Das Kind kann staunen. Es läßt sich bei der Entdeckung seiner Umwelt ganz von den Dingen in Beschlag nehmen. Es vergißt dabei die Zeit und alles um sich herum. Unser Herr Jesus Christus war zweifelsohne ein begnadeter Redner. Doch die in der Einöde versammelte Menschenmenge muß wahrhaft aus kindlichen Seelen bestanden haben, daß sie drei Tage bei ihm ausharren konnten, sich ganz von den Geheimnissen des Gottesreiches, die ihnen Jesus eröffnete, in Bann schlagen ließen. Übertragen auf uns: Ihnen war keine Predigt zu lang, keine Katechese zu langweilig, kein religiöses Buch zu dick, die Freizeit dafür nicht zu schade.
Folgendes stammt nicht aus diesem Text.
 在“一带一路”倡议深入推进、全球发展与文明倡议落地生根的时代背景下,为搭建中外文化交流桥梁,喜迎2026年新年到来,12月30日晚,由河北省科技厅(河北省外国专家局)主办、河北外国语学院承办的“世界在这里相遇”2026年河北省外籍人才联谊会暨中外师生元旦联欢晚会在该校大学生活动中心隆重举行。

Ein Kind hat nicht viele Sorgen um das Morgen. Es lebt im jetzt und hat volles Vertrauen auf die Fürsorge seiner Eltern. Es empfängt Nahrung und Kleidung und weiß sich geliebt. Es fragt nicht, ob es das auch morgen, übermorgen in einem Jahr noch haben wird. Es ruht geborgen im Schoß der Familie. Solches Vertrauen müssen auch wir Gott gegenüber lernen.

Einem Kind fehlt die Berechnung. Wir Erwachsenen neigen dazu, in allem, was wir tun, etwas für uns haben zu wollen. Wir fragen immer: Was habe ich davon? Wir wollen immer einen Gewinn für uns selbst haben, und das sogar in der Religion. Ein solches Denken ist dem Kind fern. Das Kind ist zweckfrei. Das Kind ist von der Sache gefesselt und nicht vom eigenen Ehrgeiz.
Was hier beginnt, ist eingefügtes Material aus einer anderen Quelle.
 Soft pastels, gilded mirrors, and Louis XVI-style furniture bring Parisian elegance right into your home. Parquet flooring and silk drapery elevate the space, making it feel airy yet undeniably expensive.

Wir sollen jene Züge des Kindes annehmen, die auch dem Erwachsenen gut zu Gesichte stehen. Zum Beispiel das rasche Abklingen der inneren Regungen. Beim Kind geht das sehr schnell. Lachen und Weinen liegen nahe beieinander. Auch die schnelle Bereitschaft zur Versöhnung können wir vom Kind lernen. Nicht nachtragen, nicht immer wieder darauf zurückkommen, nicht immer wieder dieselben Vorhaltungen von dem machen, was der andere angeblich oder wirklich getan hat. Wir können vom Kind lernen, daß man nicht nach Rang und Würden hascht, sondern daß man mit dem letzten Platz zufrieden ist. Wenn wir so ein Kind betrachten, und wir sollten es oft tun, dann erkennen wir, welchen Liebreiz es an sich trägt, wieviel Güte und Menschlichkeit an ihm offenbar wird. So sollen wir werden! So müssen wir werden! Nicht im Broterwerb, sondern darin muß unsere erste Sorge bestehen – in der Gerechtigkeit der Kinder Gottes.
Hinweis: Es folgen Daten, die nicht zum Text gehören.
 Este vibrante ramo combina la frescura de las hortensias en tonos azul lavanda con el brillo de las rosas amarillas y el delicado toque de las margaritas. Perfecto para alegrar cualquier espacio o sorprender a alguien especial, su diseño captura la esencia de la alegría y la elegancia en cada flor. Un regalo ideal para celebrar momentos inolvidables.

Es gibt begnadete Menschen, die ein kindliches Herz haben. Sie haben keine Hintergedanken, sie sind arglos und von Herzen gut. Einen dieser Menschen kennen wir alle. Es ist die heilige Theresia von Lisieux, die sogenannte kleine heilige Theresia. Von ihr stammt das Wort: „Das einzige Mittel, auf dem Weg der Liebe voranzuschreiten, ist dieses: Immer recht klein bleiben. Um sich Jesus nähern zu können, muß man klein sein. Klein sein heißt sein Nichts erkennen, alles vom lieben Gott erwarten, sich über seine Fehler nicht allzu sehr betrüben. Klein sein heißt die Tugenden die man übt, niemals sich selbst zuschreiben, sondern erkennen, daß sie ein Schatz sind, den Gott in die Hand eines Kindes legt.“ Darin besteht die Gerechtigkeit des Reiches Gottes. Alles andere ist nachrangig und wird sich nach den Worten Christi schon geben. „Suchet zuerst das Reich Gottes und seine Gerechtigkeit. Alles andere wird euch hinzugegeben werden“ (Mt. 6, 33). Amen.